One thing with glynn john....he has to be able to play in balance. The two 'overheads' are not overheads but totals....they mike the total kit. This technique will give a more 60ties 70ties sound. If you mike everything seperate a more modern pop. But every mike introduces phase issues. And this is blurring for your drumsound. Most noticable in the impact of you drums. Transients suffer greatly from this. That is why the glynn technique can sound so good. If you have a good room use fig of 8 mikes instead of the cardioid ones. Cardoid has proximity effect and distorts you freq balance. Good fig of 8 you can eq your lows better.

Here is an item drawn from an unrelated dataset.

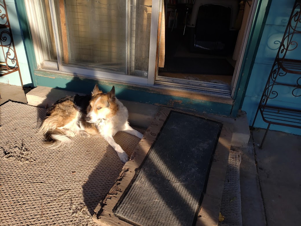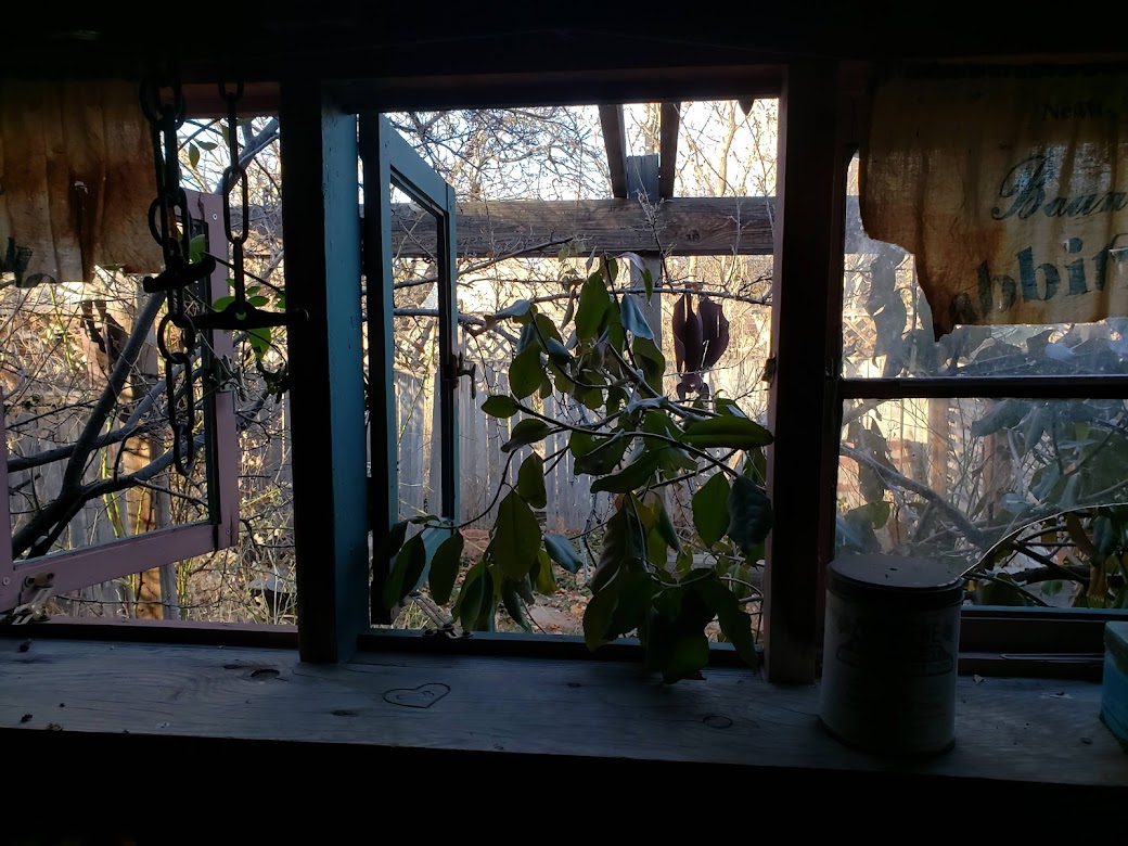 I suggest some of that thinking the guy you live with engages in is really insight. Insight takes a long time of thinking, usually, or sometimes it comes all in a bright burst. I am also reminded by your characteristic photo that you give great major side-eye, dear dog, most likely because you are in the presence of someone who does a lot of thinking when he thinks. The photo of the shed interior I am taking as a holiday card from you, filled as it is with sentiment and love. The Solstice is near upon us.
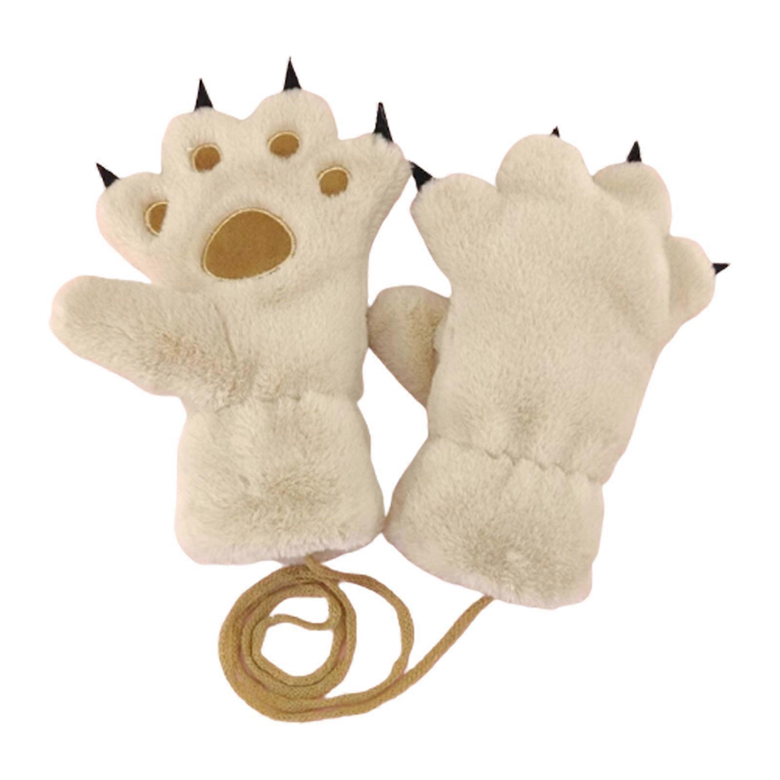 Warm Kids Winter Gloves with Cute Animal Paws Soft and Comfortable Children Winter Gloves with Thick Fleece Lining Beige

Omni maybe give a bit too much ambience...but again with good room this will be beautifull. Especially if given a fair amount of compression.

Have fun!
Oh yeah...seems maybe stupid but it works. I got this out of a good book....try your floortom and while banging it walk through the room to decide where the room sounds best. Look for a good balanced sound with good lows. If you place that tom in a place where the lows cancel there is no point of recording it there.

A medium room would be the best. Or a warehouse :D

Record the room also...preferably with omnis....really! Use it in your mix
Big drums sound big if it has air around it. Not closemiking it..that is not big sounding.

And really...have fun! Drum recording is a real recording treat

Please do keep us posted on your progress and experiences.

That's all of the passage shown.